Northern Ireland voters chose to reject Brexit in 2016 and stay in the EU. Nevertheless, Boris Johnson’s government made the profoundly damaging decision of imposing a bizarre form of Brexit involving, in essence, moving the Irish border into the Irish Sea, with Northern Ireland treated, in customs terms, as if it were part of the Irish Republic. Mr Johnson agreed that customs checks must take place between Northern Ireland and the rest of the UK.

Northern Ireland unionists – mostly Protestants – are furious that their British identity has been undermined.

I happened to be in Belfast a few days after Mr Johnson met the then Irish prime minister Leo Varadkar in 2019 and announced this new arrangement. Unionist friends were astonished and appalled. One said Mr Johnson had “thrown 100 years of Ulster unionism into the Irish Sea". The UK Prime Minister then went on to sign the agreement, which sealed the terms under which his country left the EU, and enshrined this new border arrangement legally in "the Northern Ireland Protocol".

Now Mr Johnson is trying to tear up a deal he himself created, reneging on what is an international agreement and – many lawyers insist – in effect breaking the law. Mr Johnson’s legal advisers insist otherwise. Whatever your views on the protocol – and mine always were that it was a catastrophe waiting to happen – the Johnson government has already unsettled Northern Ireland’s uneasy peace and led to the prospect that the newly elected Parliament in Stormont will collapse.

The Biden administration and prominent US Congress members are alarmed. So is the Irish government.

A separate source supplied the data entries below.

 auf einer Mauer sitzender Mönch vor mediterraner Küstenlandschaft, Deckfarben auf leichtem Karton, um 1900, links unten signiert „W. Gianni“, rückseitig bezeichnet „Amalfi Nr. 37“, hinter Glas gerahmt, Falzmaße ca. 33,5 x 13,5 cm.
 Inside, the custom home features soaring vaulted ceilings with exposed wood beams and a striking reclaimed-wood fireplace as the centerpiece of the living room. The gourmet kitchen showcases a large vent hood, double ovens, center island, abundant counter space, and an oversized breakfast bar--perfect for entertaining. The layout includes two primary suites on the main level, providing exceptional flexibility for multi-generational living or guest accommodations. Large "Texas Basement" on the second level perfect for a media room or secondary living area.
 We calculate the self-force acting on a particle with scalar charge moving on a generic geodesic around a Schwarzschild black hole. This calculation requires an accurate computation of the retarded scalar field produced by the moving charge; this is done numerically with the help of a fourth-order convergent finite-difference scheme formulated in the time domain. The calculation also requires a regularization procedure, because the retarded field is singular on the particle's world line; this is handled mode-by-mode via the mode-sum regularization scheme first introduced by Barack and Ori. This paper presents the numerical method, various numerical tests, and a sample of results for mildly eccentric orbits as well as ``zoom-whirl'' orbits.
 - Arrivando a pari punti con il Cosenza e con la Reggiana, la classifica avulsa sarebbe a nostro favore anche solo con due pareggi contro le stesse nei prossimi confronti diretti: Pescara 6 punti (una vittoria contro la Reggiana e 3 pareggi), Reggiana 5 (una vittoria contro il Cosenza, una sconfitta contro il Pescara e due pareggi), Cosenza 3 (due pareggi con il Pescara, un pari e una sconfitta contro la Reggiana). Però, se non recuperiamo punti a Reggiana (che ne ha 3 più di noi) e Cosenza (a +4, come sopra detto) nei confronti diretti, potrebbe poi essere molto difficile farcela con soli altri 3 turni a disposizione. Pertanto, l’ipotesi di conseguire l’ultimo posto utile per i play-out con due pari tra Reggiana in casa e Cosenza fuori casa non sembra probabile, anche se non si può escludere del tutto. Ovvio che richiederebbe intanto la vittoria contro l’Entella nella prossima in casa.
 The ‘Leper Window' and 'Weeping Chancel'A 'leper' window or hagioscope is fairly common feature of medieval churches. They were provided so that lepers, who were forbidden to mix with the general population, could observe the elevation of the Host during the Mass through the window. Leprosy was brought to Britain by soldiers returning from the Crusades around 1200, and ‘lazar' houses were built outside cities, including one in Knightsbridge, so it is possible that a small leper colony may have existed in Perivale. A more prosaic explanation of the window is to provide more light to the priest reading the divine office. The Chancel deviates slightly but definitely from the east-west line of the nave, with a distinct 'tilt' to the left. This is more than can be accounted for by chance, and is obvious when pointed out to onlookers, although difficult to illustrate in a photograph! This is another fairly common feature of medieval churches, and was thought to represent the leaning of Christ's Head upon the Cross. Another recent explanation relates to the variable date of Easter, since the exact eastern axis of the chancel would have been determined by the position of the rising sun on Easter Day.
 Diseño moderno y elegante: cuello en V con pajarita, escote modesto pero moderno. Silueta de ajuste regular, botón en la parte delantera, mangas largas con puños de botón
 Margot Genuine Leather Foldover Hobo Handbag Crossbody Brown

So is the EU. And despite Mr Johnson telling British voters that he would "get Brexit done", it is clearly not done, since he is trying to renegotiate it.

If things were not so serious – possibly putting lives at risk from violence in Northern Ireland – it would almost be comic. The very people who campaigned for Brexit – Mr Johnson, his Conservative party friends and the hardliners of Northern Ireland’s Democratic Unionist Party – now loathe the Brexit that they demanded, constructed, negotiated and agreed.

Those of us who for years pointed out the obvious dangers of Brexit can say "we told you so", but that is no consolation. The history of Northern Ireland shows we are never far from a few hotheads prepared to resort to violence after being stirred up by blundering politicians. The past 25 years have seen many good things: peace, stability and economic improvement. Marriages between Catholics and Protestants are much more common. My friends in Northern Ireland want to get on with their lives in peace.

However, the incompetence at Westminster over Brexit threatens lives and livelihoods, and the ill-tempered row over the legality of the Northern Ireland Protocol reminds me of the wisdom of the late American poet Carl Sandburg. To paraphrase what he once said: “When the facts are against you, you argue the law. When the law is against you, you argue the facts. When both are against you, you just argue.” Six years after the Brexit vote, Brexit is far from done. And the arguments now mean peace itself may be undone.